Innovation Catalyst: Agentic AI could accelerate research and development across industries by autonomously exploring solutions and running experiments.
Improved Decision-Making: By processing vast amounts of data and identifying patterns, Agentic AI could provide valuable insights to inform strategic decisions.
Looking Ahead
As we conclude this introduction to Agentic AI, it's clear that we're on the cusp of a seismic shift.
In our upcoming articles, we'll dive deeper into specific applications of Agentic AI, explore the technologies driving its development, and discuss how startups and investors can position themselves to capitalize on this emerging trend.

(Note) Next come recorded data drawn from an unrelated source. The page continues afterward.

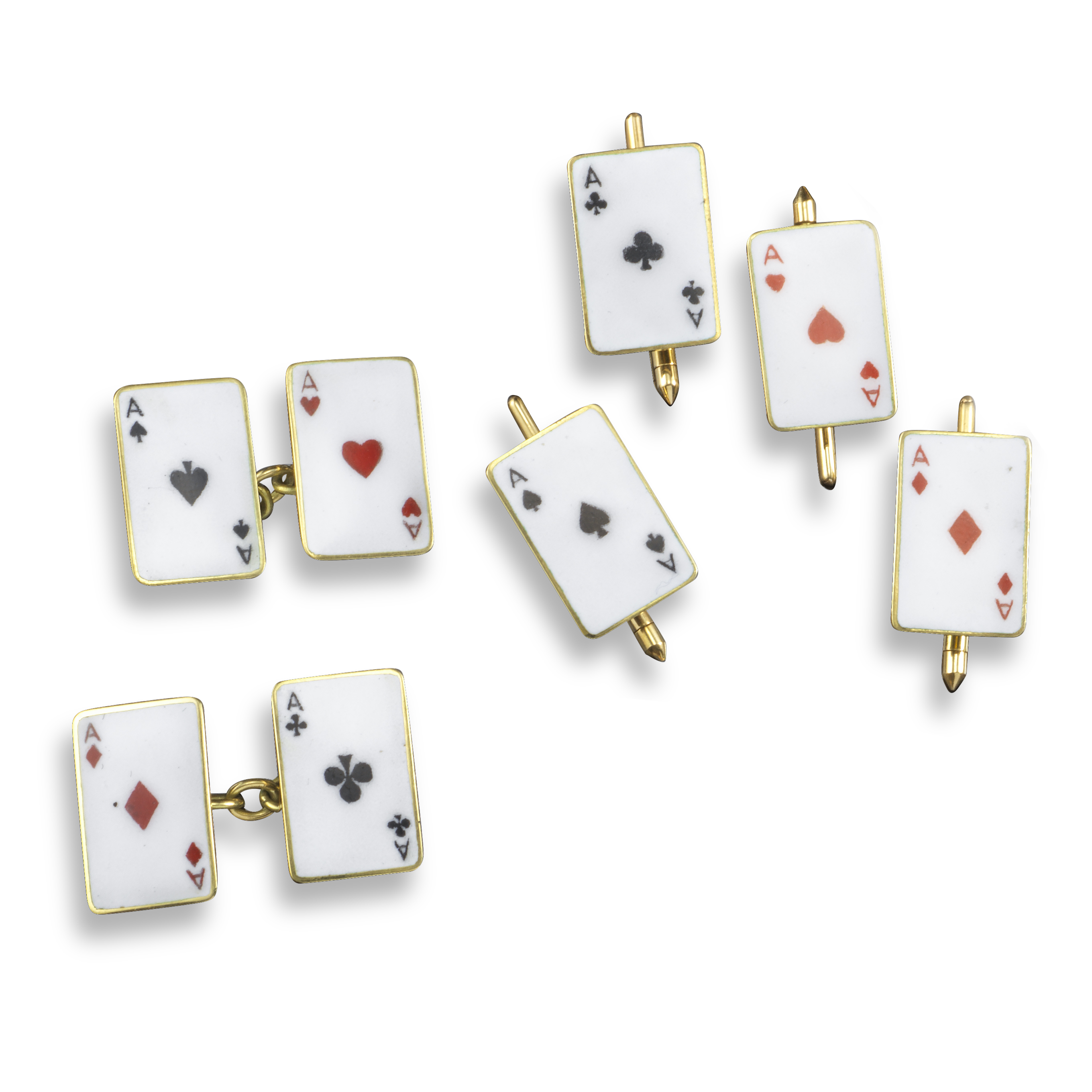 A set of playing card cufflinks, depicting the four aces in enamel, with four matching buttons in yellow gold
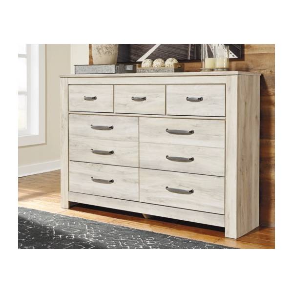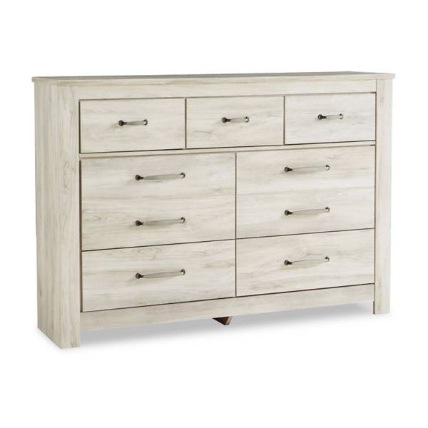 The Bellaby Seven Drawer Dresser is the perfect foundation for a farmhouse-inspired bedroom. Its wispy white finish over replicated oak grain brings a touch of charm and brightness to your space. The brushed nickel-tone handles, accented with black edging, add a subtle shine that enhances the dresser's appeal. Spacious drawers lined with faux linen laminate ensure your belongings are stored with care and elegance. This clean-lined, authentic piece serves as an inviting base for any décor style.
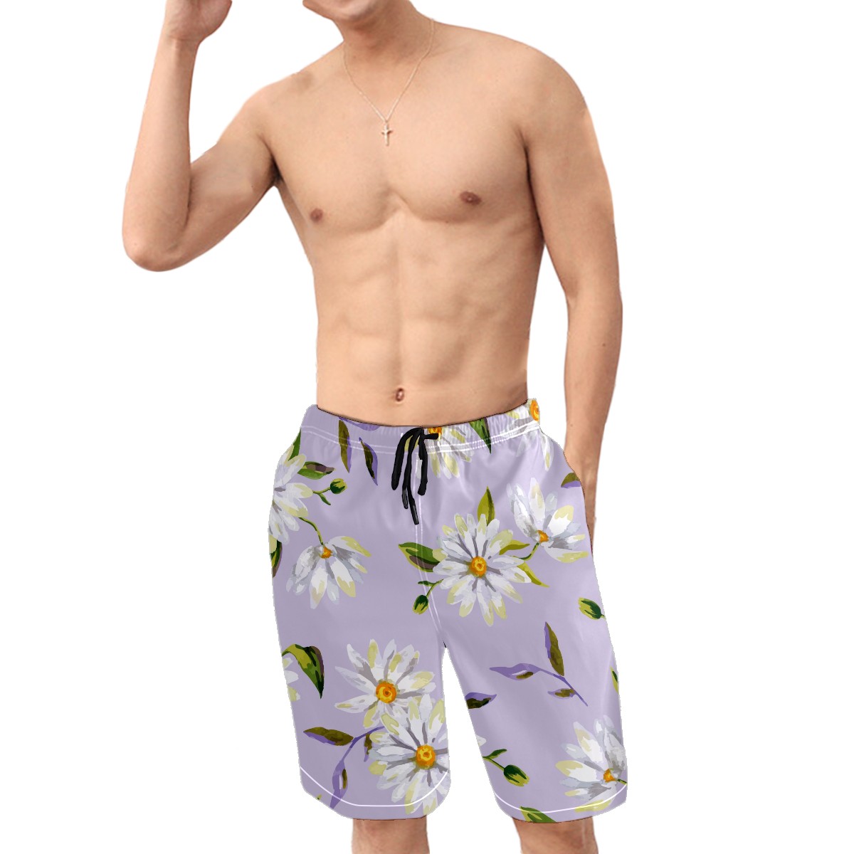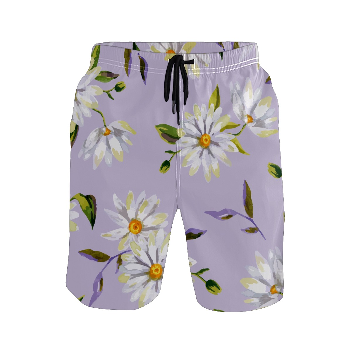 Mens Swim Trunks Watercolor White Daisy PurpleBackground Beach Board Shorts
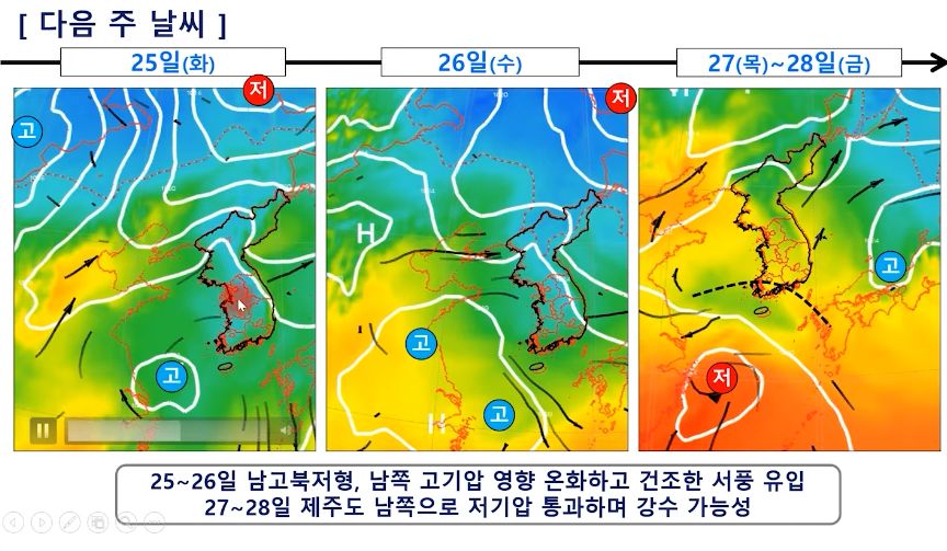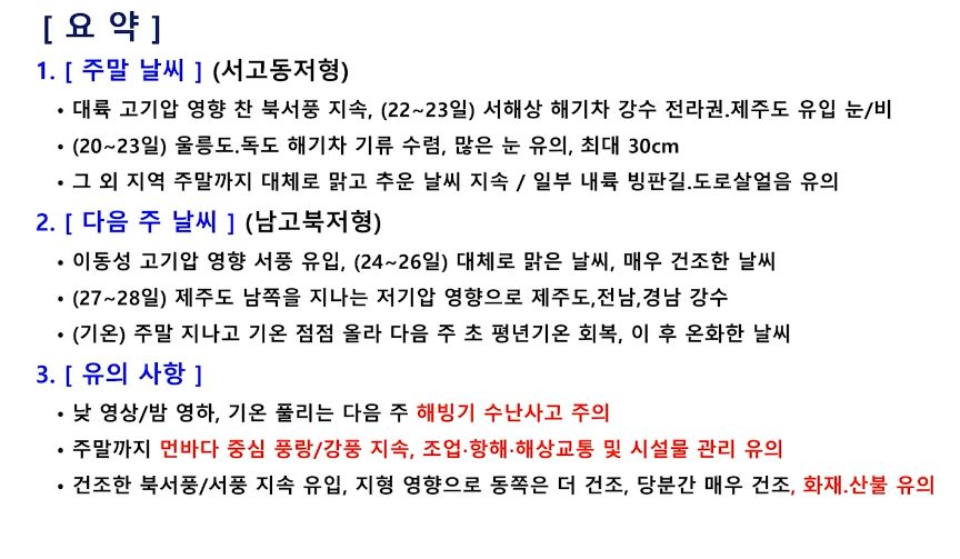 요즘 날씨설명부분은 영상을 보세요. 예보부분 일부만 인용합니다.

At Untapped Ventures, we're excited about the potential of Agentic AI to create new markets and transform existing industries. We're actively seeking out and supporting innovative startups working in this space, as we believe they'll play a crucial role in shaping the future of AI and its impact on business and society.
Stay tuned for our next installment, where we'll explore real-world use cases of Agentic AI and how they're already beginning to reshape various industries.
As shared by Andrew Ng, “AI agent workflows will drive massive AI progress this year—perhaps even more than the next generation of foundation models. This is an important trend, and I urge everyone who works in AI to pay attention to it.”